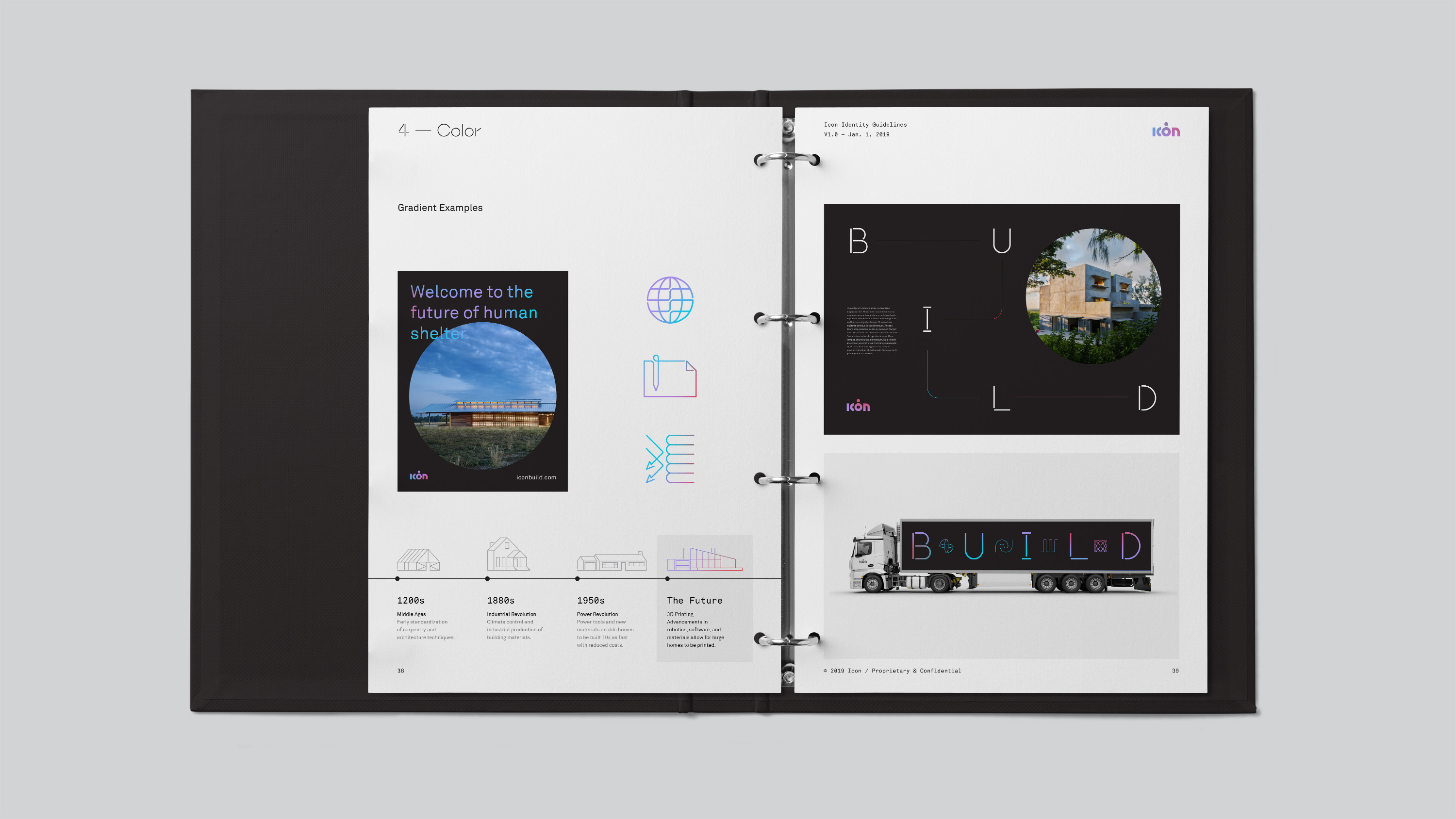ICON is an advanced construction technology company dedicated to revolutionizing homebuilding. Building on the existing logo, the identity system was expanded to include a re-engineered approach to typography, color, iconography, and illustration.Designers: Oscar Morris, Joseph Blalock
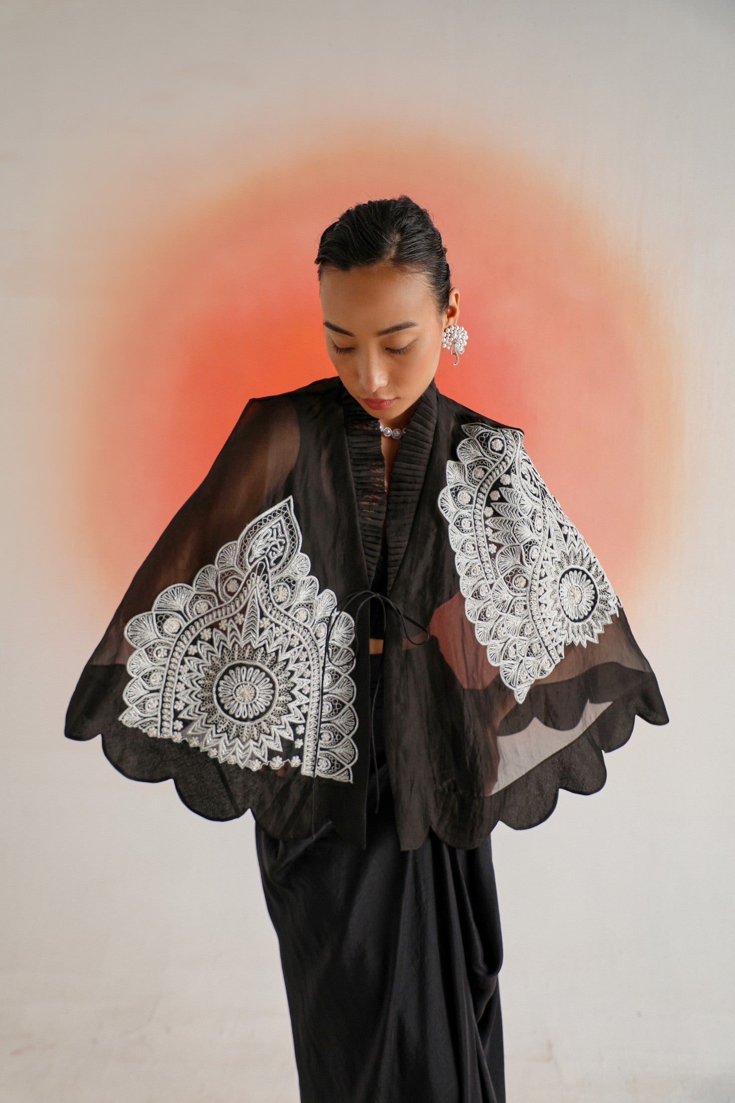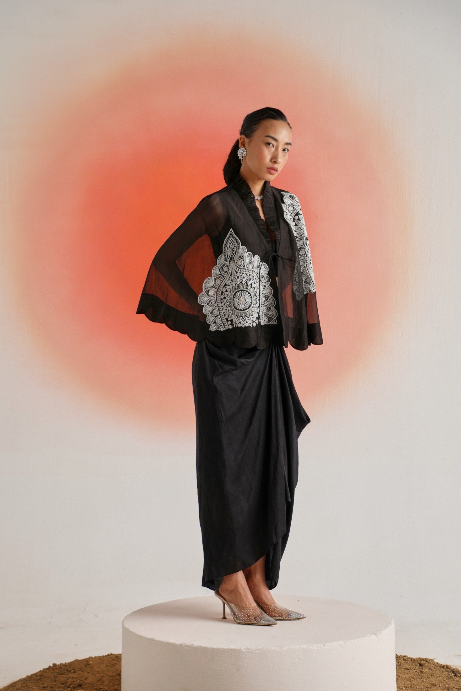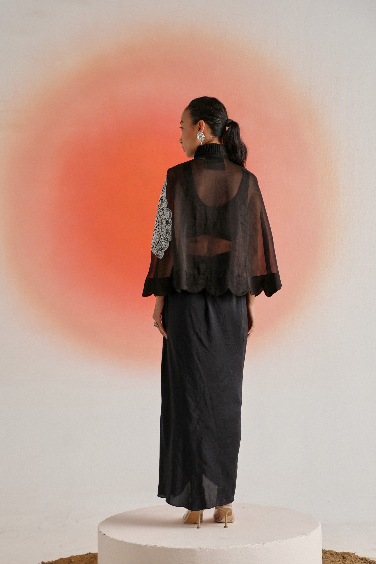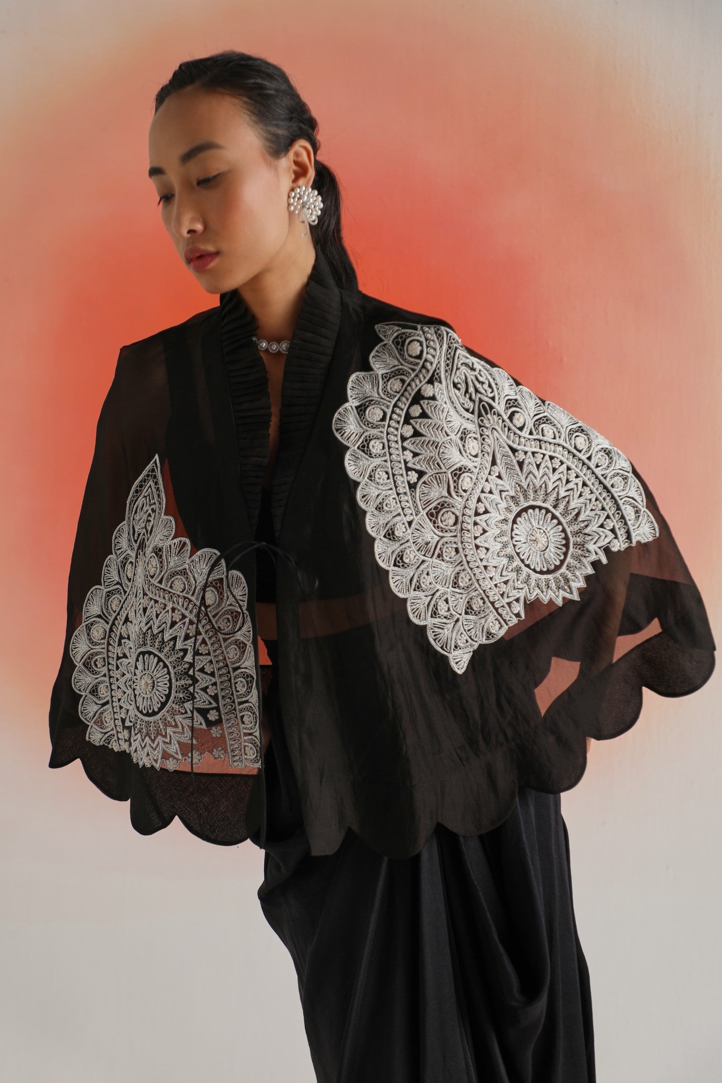 Black Organza Cape with White Handcrafted Embroidery, Inner & Silk Pick-Up Skirt
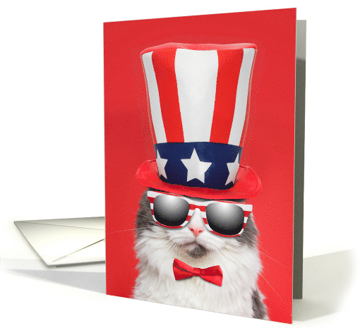 Looking totally cool in her patriotic gear an photographed on red, this sweet kitty is a fun way to say Happy 4th of July to anyone!

= WHAT YOU HAVE TO DO =
Output the data exactly, pictures omitted.

= REPLY TO THE EXERCISE =
ICON is an advanced construction technology company dedicated to revolutionizing homebuilding. Building on the existing logo, the identity system was expanded to include a re-engineered approach to typography, color, iconography, and illustration.Designers: Oscar Morris, Joseph Blalock
 Black Organza Cape with White Handcrafted Embroidery, Inner & Silk Pick-Up Skirt
 Looking totally cool in her patriotic gear an photographed on red, this sweet kitty is a fun way to say Happy 4th of July to anyone!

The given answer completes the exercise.